Pharrell And Robin Thicke Lost A Lawsuit

As if losing Paula and his self-respect wasn’t bad enough, Robin Thicke (and Pharrell Williams) just lost a huge lawsuit, not to mention a shit ton of money. The two have been involved in an ongoing investigation into their 2013 hit “Blurred Lines.” The lawsuit was instigated by Marvin Gaye’s children, who claim the song took portions from one of their father’s songs. In case you’re too busy to do a quick Google search, here’s a quick recap…Martin Gaye is a big fucking deal. He was, like, huge when our parents were growing up and he’s most known for singing some of our drunk karaoke favorites: “Ain’t No Mountain High Enough,” “How Sweet It Is,” etc. Pharrell is even a self-proclaimed super fan, although he argues it did not affect his song writing.

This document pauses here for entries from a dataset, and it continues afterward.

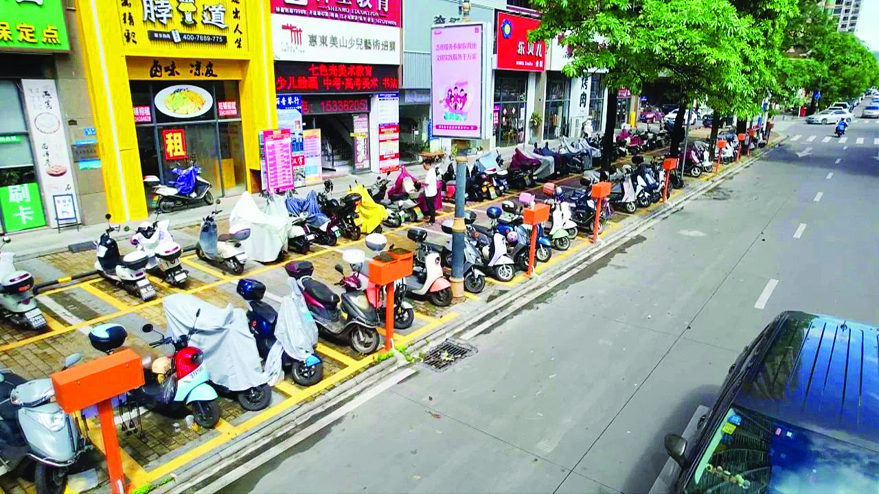 惠東縣城一小區(qū)外電動自行車規(guī)范停放。 惠州日報記者蔡偉健 特約通訊員葉衍達 攝
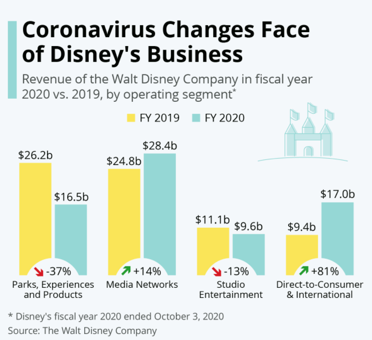 디즈니의 스트리밍 사업인 디즈니 플러스는 2020년 대부분의 기간 동안 구독자 수가 증가하며 회사 주식의 상승을 견인했다. 미래의 스트리밍 수익에 매료된 투자자들은 완전한 경제 셧다운에도 불구하고 회사 주식에 돈을 쏟아 부었다.
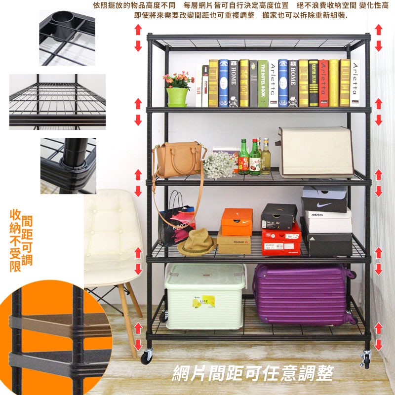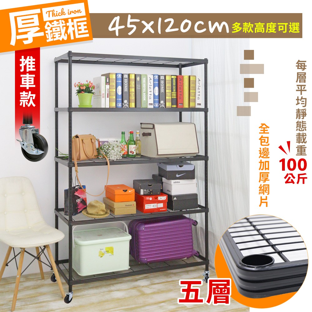 【居家cheaper】厚鐵框五層收納推車45X120CM 四款高度可選 鐵架/波浪架/層架/置物架/儲藏架/貨架/耐重鐵

Pharrell denied the accusations, and Robin Thicke claims he wasn’t even present when the song was created. He was probably wasted or singing at a Kardashian wedding. Probably both. Pharrell stated that he wrote “Blurred Lines” without Thicke’s assistance in an hour’s time in 2012. It’s pretty crazy to think that this tiny gnome man could create an annoyingly catchy, chart-topping hit that casually encourages date rape and other messed up shit in ONE HOUR. But I guess that’s why they pay him the big bucks.

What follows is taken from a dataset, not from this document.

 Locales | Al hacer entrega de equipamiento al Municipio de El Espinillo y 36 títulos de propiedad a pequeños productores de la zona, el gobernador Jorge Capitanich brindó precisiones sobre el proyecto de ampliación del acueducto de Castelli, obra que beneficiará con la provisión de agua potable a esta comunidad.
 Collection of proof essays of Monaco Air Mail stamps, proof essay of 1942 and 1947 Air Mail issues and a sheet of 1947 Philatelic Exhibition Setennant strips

Despite their denial of copyright infringement, the jury sided with the Gaye family and ordered Williams and Thicke to pay $7.4 million to them in damages. Supposedly some shady shit went down in the trial where different versions of Marvin Gaye’s song that sounded more like “Blurred Lines” were played whereas the original and well-known version was not referenced. After the verdict was announced, Marvin Gaye’s daughter broke into tears and claimed she was “free…from [the] chains and what they tried to keep on us and the lies that were told.” Yeah right, bitch. I’d cry too if I just got $7.4 million.

Maybe this is payback for Robin Thicke being a cheating, drunk asshole, but I'm thinking it's retribution for Pharrell making “Happy” aka the single worst song ever known to mankind. Maybe this will get him to think twice about being so fucking optimistic.